Start of RAW DATA
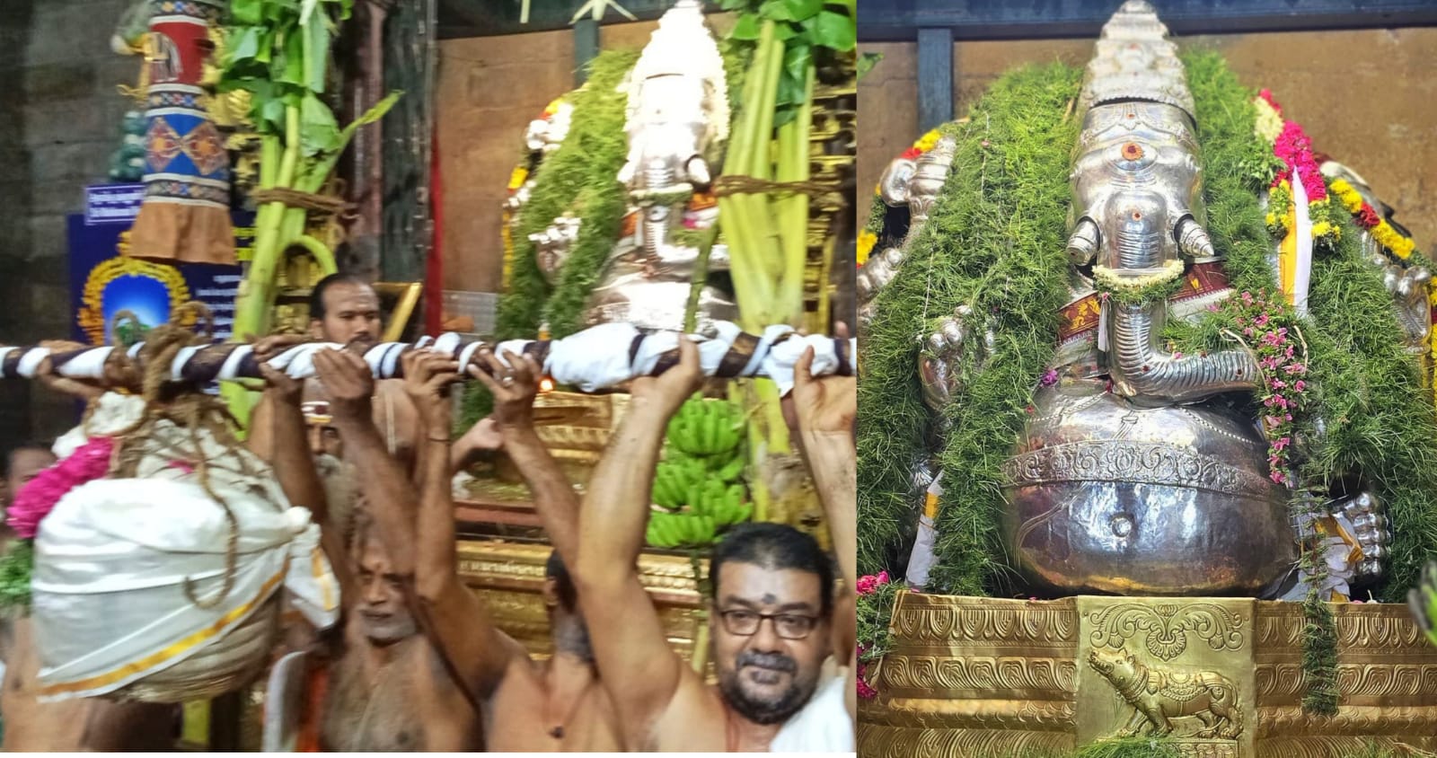 மேலும் சிறப்பு பூஜைகள் நடத்தப்பட்டு அருகம்புல் மாலை மற்றும் பல்வேறு மலர்களால் ஆன மாலைகள் சாத்தப்பட்டு விநாயகருக்கு வெள்ளிக்க வசம் அணிவித்து தீபாராதனை நடைபெற்றது.
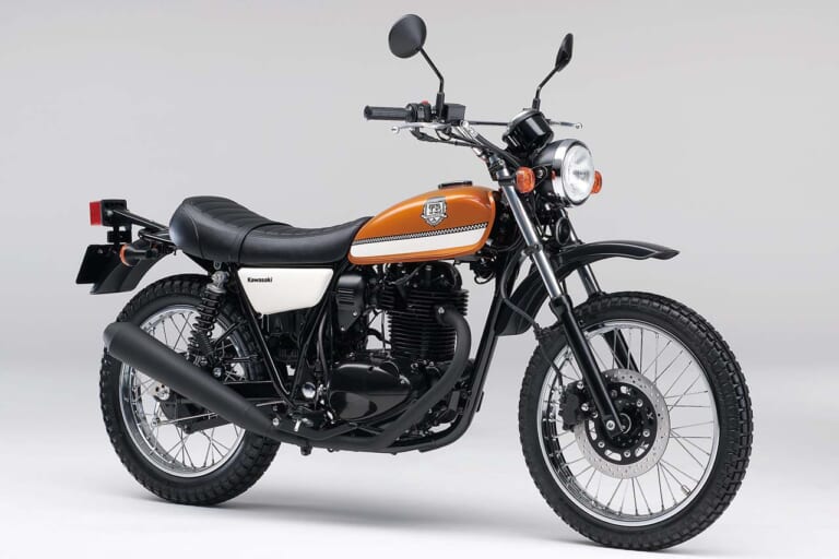 インドネシアなどで販売されるW175シリーズのスクランブラーバージョン。最低地上高はシリーズ他車に比べて30mm高く、車重やエンジンスペックなども異なるレトロスタイルのトレールモデル。スキッドプレートやセミアップマフラー、アップフェンダー、燃料タンクなども専用部品だ。
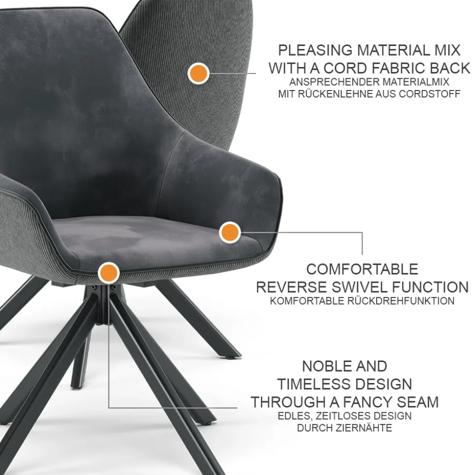 - MATERIAL: Der Drehstuhl besteht aus einem Materialmix aus Cord und Samt, welcher pflegeleicht ist. Das Stahlrohr ist pulverbeschichtet für eine lange Haltbarkeit.
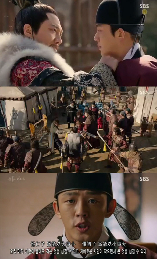 23일 방송된 SBS 월화드라마 '육룡이 나르샤'에서는 이방원(유아인)이 주체(문종원)에게 무휼(윤균상)의 목숨을 구걸했다.
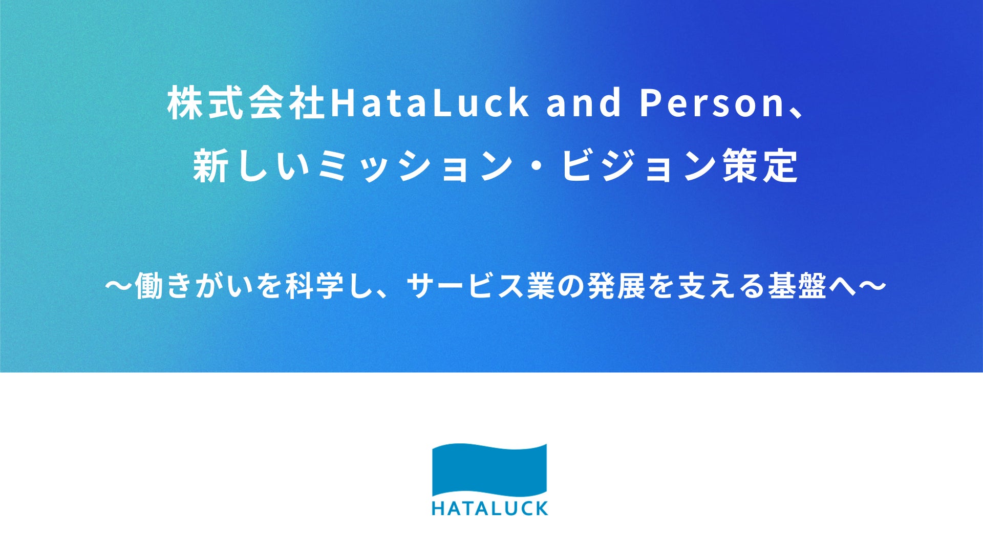 株式会社HataLuck and Person(以下、HATALUCK)は、サービス業のエンゲージメント経営を推進するために、2025年2月より新しいミッション「人々のこころが満たされる社会を実現する」と新しいビジョン「『はたらきがい』を科学して、サービス業ではたらく人々を輝かせる社会システムをつくる」を策定しました。
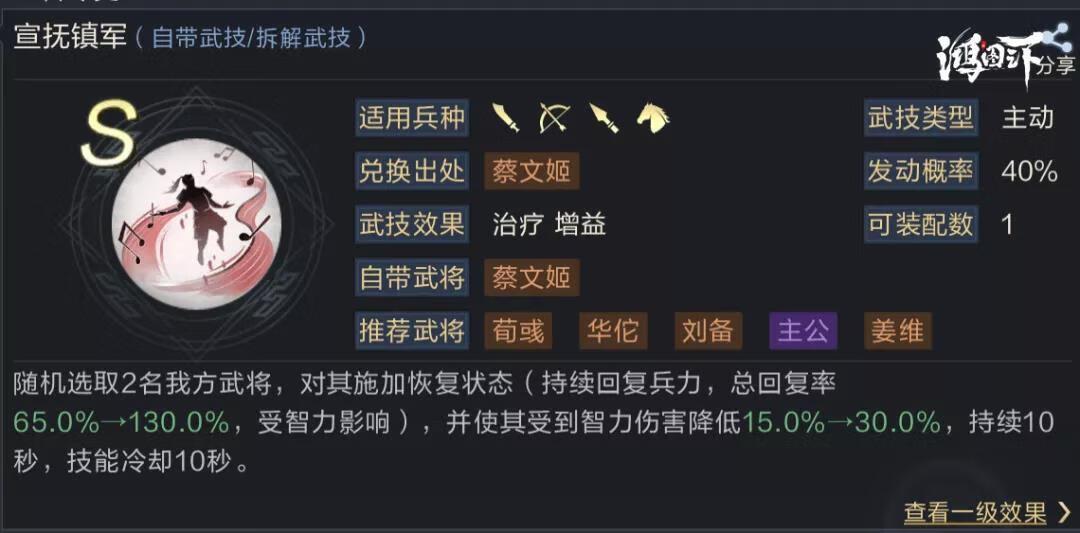 2号武技推荐宣抚镇军,之所以选宣抚镇军作为恢复武技,主要看重兵力回复率和CD。目前主公间的交战主流队伍依旧是武力队,智力减伤效果不够明显,但在打地时会有非常不错的发挥。
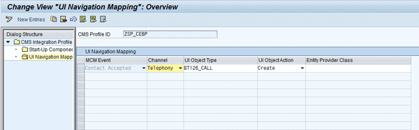 Step 5. Specify any actions to occur on standard communication events by selecting UI Navigation Mapping on the left side (Figure 6). For each event and channel combination, specify a CRM WebClient UI object type and action to perform when the event is triggered. In the example in Figure 6, the interaction record object BT126_CALL is created and navigated to whenever a contact-accepted event occurs. You can create and specify a custom entity provider class to fine-tune the behavior (for instance, to check additional conditions).
End of RAW DATA
**WHAT YOU SHOULD DO:**
Repeat exactly the lines above, beginning at the one containing "インドネシアなどで販売される" and ending at the one containing "2号武技推荐宣抚镇军,之所以". Do not carry over any pictures.

**ANSWER TO THE PROBLEM:**
 インドネシアなどで販売されるW175シリーズのスクランブラーバージョン。最低地上高はシリーズ他車に比べて30mm高く、車重やエンジンスペックなども異なるレトロスタイルのトレールモデル。スキッドプレートやセミアップマフラー、アップフェンダー、燃料タンクなども専用部品だ。
 - MATERIAL: Der Drehstuhl besteht aus einem Materialmix aus Cord und Samt, welcher pflegeleicht ist. Das Stahlrohr ist pulverbeschichtet für eine lange Haltbarkeit.
 23일 방송된 SBS 월화드라마 '육룡이 나르샤'에서는 이방원(유아인)이 주체(문종원)에게 무휼(윤균상)의 목숨을 구걸했다.
 株式会社HataLuck and Person(以下、HATALUCK)は、サービス業のエンゲージメント経営を推進するために、2025年2月より新しいミッション「人々のこころが満たされる社会を実現する」と新しいビジョン「『はたらきがい』を科学して、サービス業ではたらく人々を輝かせる社会システムをつくる」を策定しました。
 2号武技推荐宣抚镇军,之所以选宣抚镇军作为恢复武技,主要看重兵力回复率和CD。目前主公间的交战主流队伍依旧是武力队,智力减伤效果不够明显,但在打地时会有非常不错的发挥。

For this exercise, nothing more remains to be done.